Recorded information: Begin

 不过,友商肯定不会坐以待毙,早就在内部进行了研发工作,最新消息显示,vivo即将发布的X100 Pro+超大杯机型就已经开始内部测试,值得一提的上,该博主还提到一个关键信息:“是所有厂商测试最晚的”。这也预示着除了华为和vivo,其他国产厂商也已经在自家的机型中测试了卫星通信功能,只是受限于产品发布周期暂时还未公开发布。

Recorded information: End
Recorded information: Begin

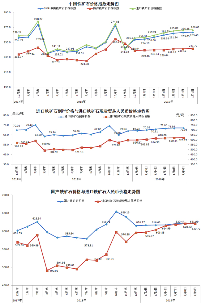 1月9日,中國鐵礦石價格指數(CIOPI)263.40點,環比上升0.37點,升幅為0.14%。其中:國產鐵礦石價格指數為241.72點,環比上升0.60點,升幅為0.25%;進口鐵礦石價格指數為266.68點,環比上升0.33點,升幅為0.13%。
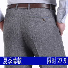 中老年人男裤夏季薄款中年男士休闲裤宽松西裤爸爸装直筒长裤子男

Recorded information: End
Recorded information: Begin

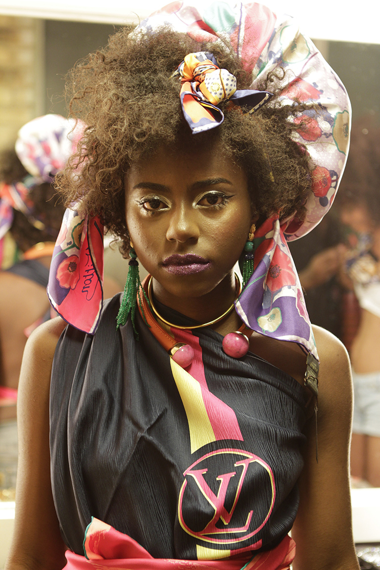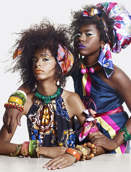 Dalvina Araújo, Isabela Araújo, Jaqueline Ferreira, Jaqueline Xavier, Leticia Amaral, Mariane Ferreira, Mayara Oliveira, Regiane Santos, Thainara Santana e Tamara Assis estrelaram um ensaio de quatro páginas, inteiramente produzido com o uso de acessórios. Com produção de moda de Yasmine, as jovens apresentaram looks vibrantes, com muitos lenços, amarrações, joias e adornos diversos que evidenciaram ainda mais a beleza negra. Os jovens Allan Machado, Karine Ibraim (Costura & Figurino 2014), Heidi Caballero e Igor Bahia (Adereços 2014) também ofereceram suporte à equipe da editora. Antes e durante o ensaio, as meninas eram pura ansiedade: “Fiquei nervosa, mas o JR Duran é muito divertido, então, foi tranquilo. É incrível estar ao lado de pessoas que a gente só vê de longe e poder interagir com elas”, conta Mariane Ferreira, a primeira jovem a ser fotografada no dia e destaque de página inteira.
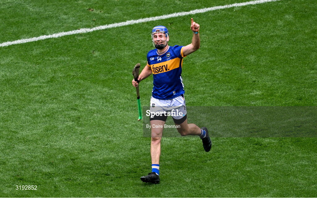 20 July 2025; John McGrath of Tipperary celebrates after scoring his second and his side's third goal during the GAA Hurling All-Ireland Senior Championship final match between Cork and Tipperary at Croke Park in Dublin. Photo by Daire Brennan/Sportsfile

Recorded information: End

[Assignment]
Only one stretch of the material above is wanted: the line containing "Dalvina Araújo, Isabela" through the line containing "20 July 2025;". Restate it word for word, minus the pictures.

[Answer for the task]
 Dalvina Araújo, Isabela Araújo, Jaqueline Ferreira, Jaqueline Xavier, Leticia Amaral, Mariane Ferreira, Mayara Oliveira, Regiane Santos, Thainara Santana e Tamara Assis estrelaram um ensaio de quatro páginas, inteiramente produzido com o uso de acessórios. Com produção de moda de Yasmine, as jovens apresentaram looks vibrantes, com muitos lenços, amarrações, joias e adornos diversos que evidenciaram ainda mais a beleza negra. Os jovens Allan Machado, Karine Ibraim (Costura & Figurino 2014), Heidi Caballero e Igor Bahia (Adereços 2014) também ofereceram suporte à equipe da editora. Antes e durante o ensaio, as meninas eram pura ansiedade: “Fiquei nervosa, mas o JR Duran é muito divertido, então, foi tranquilo. É incrível estar ao lado de pessoas que a gente só vê de longe e poder interagir com elas”, conta Mariane Ferreira, a primeira jovem a ser fotografada no dia e destaque de página inteira.
 20 July 2025; John McGrath of Tipperary celebrates after scoring his second and his side's third goal during the GAA Hurling All-Ireland Senior Championship final match between Cork and Tipperary at Croke Park in Dublin. Photo by Daire Brennan/Sportsfile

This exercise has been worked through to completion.